▸ **Collection entries**:

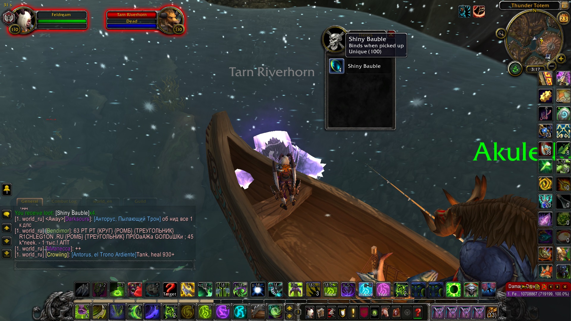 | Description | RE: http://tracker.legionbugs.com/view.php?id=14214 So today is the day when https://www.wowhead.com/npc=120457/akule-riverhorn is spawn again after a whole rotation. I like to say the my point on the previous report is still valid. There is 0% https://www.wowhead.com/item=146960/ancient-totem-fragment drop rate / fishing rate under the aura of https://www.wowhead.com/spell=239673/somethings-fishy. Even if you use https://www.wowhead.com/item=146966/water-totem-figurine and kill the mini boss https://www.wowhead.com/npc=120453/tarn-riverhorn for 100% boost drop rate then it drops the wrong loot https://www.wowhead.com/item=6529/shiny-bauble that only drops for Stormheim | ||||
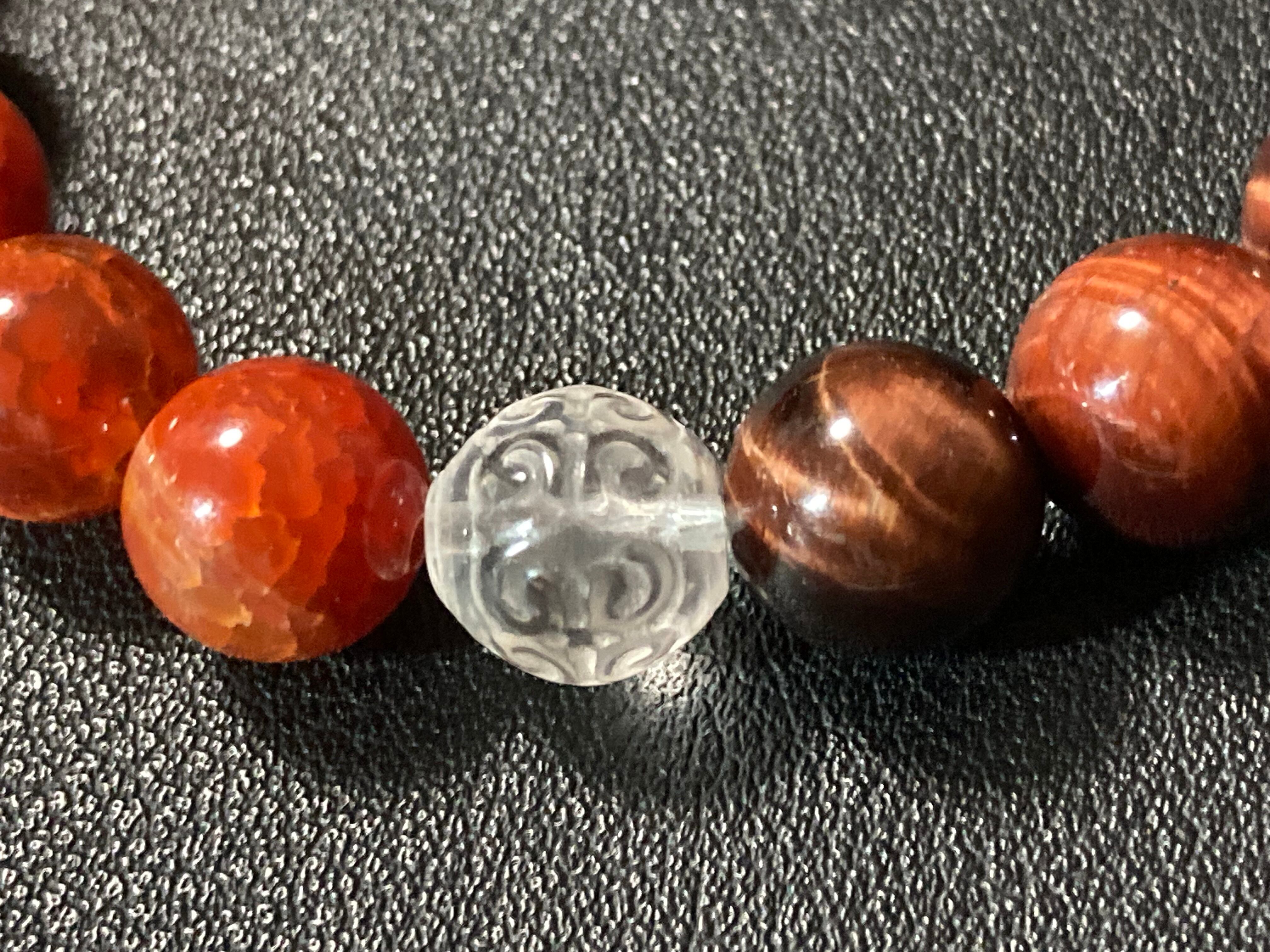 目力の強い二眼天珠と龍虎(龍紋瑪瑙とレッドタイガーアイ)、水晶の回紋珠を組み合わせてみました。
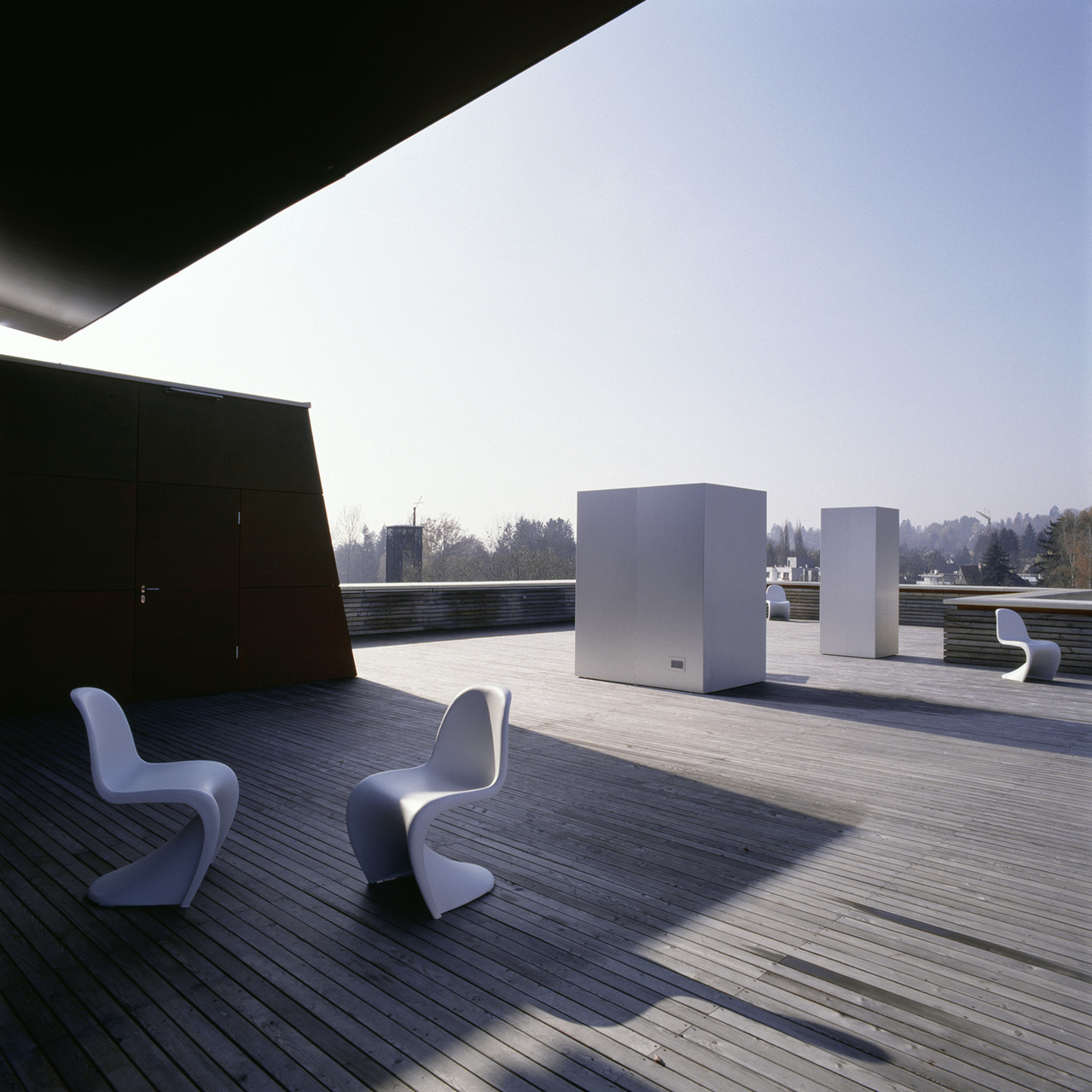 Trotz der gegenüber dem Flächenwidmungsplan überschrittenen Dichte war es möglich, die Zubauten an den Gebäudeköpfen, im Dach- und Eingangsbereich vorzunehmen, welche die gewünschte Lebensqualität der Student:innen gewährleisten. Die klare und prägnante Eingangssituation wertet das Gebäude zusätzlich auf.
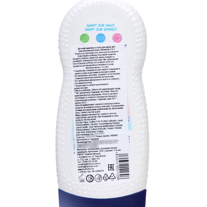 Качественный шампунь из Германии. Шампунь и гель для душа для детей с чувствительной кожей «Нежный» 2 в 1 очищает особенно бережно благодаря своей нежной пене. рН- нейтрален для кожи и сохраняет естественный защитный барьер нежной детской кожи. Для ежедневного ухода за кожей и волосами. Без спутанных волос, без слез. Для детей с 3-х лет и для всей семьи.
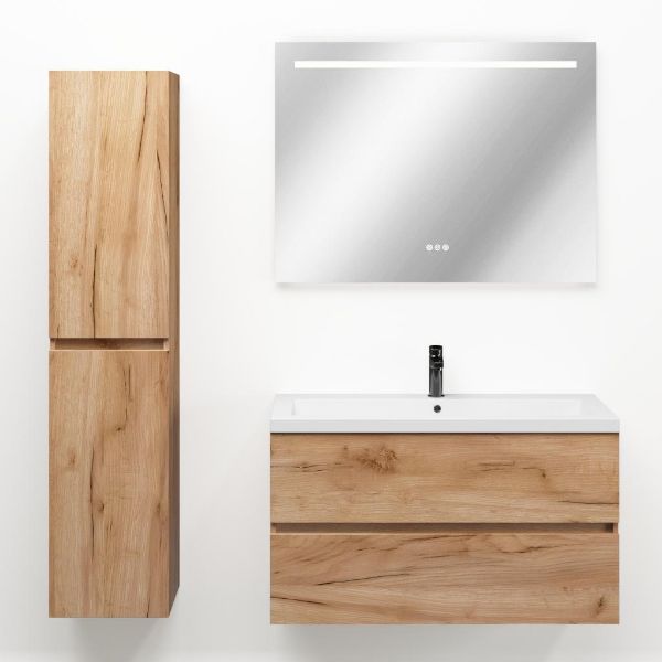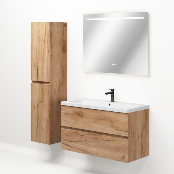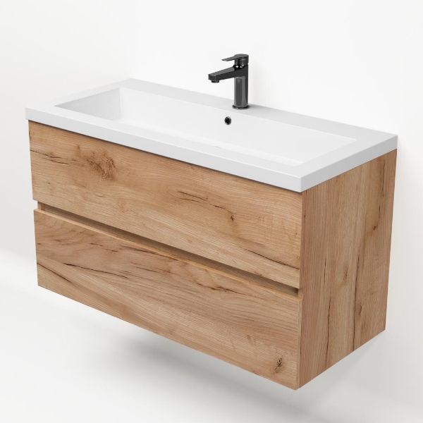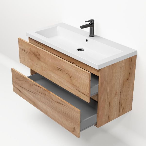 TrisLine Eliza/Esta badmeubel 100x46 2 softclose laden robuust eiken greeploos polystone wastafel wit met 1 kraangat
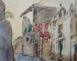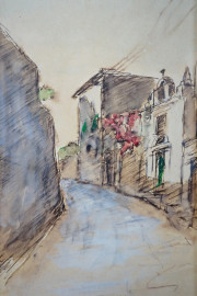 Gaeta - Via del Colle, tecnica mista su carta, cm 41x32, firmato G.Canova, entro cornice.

▸ **WHAT IS BEING ASKED**: Give again the stretch of the entries above that begins at the line with "目力の強い二眼天珠と龍虎(龍" and ends at the line with "Trotz der gegenüber", word for word, with no pictures.

▸ **ANSWER SECTION**:
 目力の強い二眼天珠と龍虎(龍紋瑪瑙とレッドタイガーアイ)、水晶の回紋珠を組み合わせてみました。
 Trotz der gegenüber dem Flächenwidmungsplan überschrittenen Dichte war es möglich, die Zubauten an den Gebäudeköpfen, im Dach- und Eingangsbereich vorzunehmen, welche die gewünschte Lebensqualität der Student:innen gewährleisten. Die klare und prägnante Eingangssituation wertet das Gebäude zusätzlich auf.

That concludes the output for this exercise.